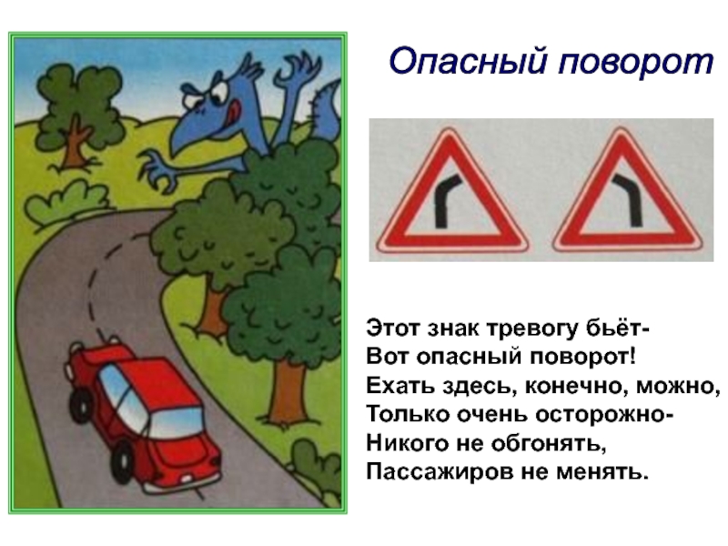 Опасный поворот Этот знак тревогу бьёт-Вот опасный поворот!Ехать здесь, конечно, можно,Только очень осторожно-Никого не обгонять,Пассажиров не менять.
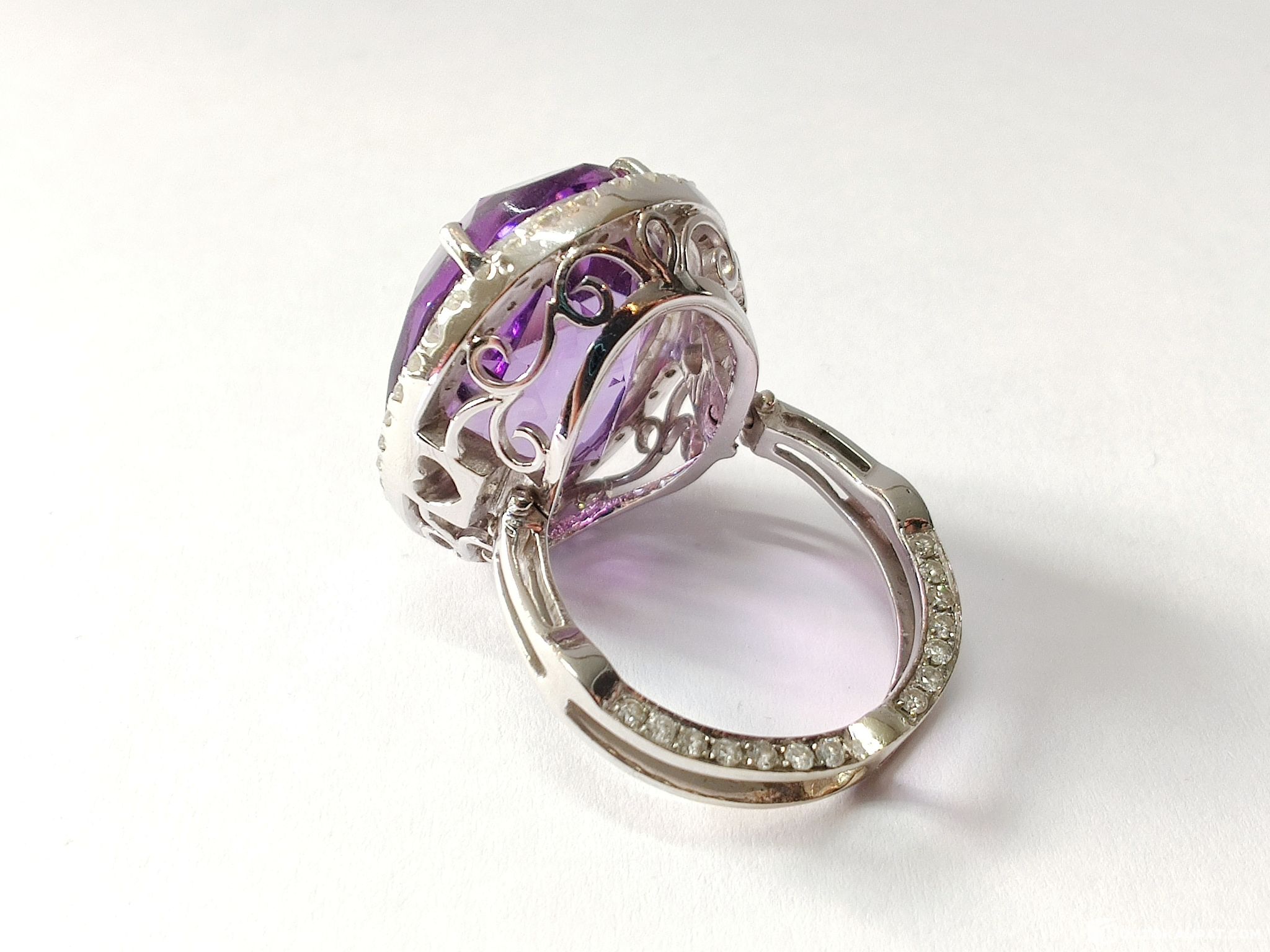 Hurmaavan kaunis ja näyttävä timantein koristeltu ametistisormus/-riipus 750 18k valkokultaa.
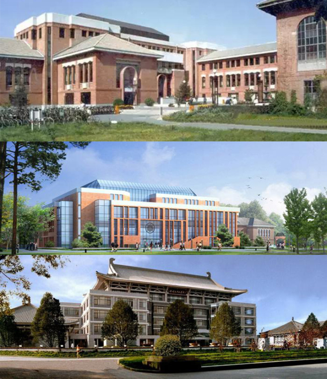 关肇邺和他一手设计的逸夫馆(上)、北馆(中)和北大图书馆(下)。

REQUIRED ACTION: Restate word for word the lines above that start at the line containing "Hurmaavan kaunis ja" and run to the end of the listing; exclude the pictures.

ANSWER BOX:
 Hurmaavan kaunis ja näyttävä timantein koristeltu ametistisormus/-riipus 750 18k valkokultaa.
 关肇邺和他一手设计的逸夫馆(上)、北馆(中)和北大图书馆(下)。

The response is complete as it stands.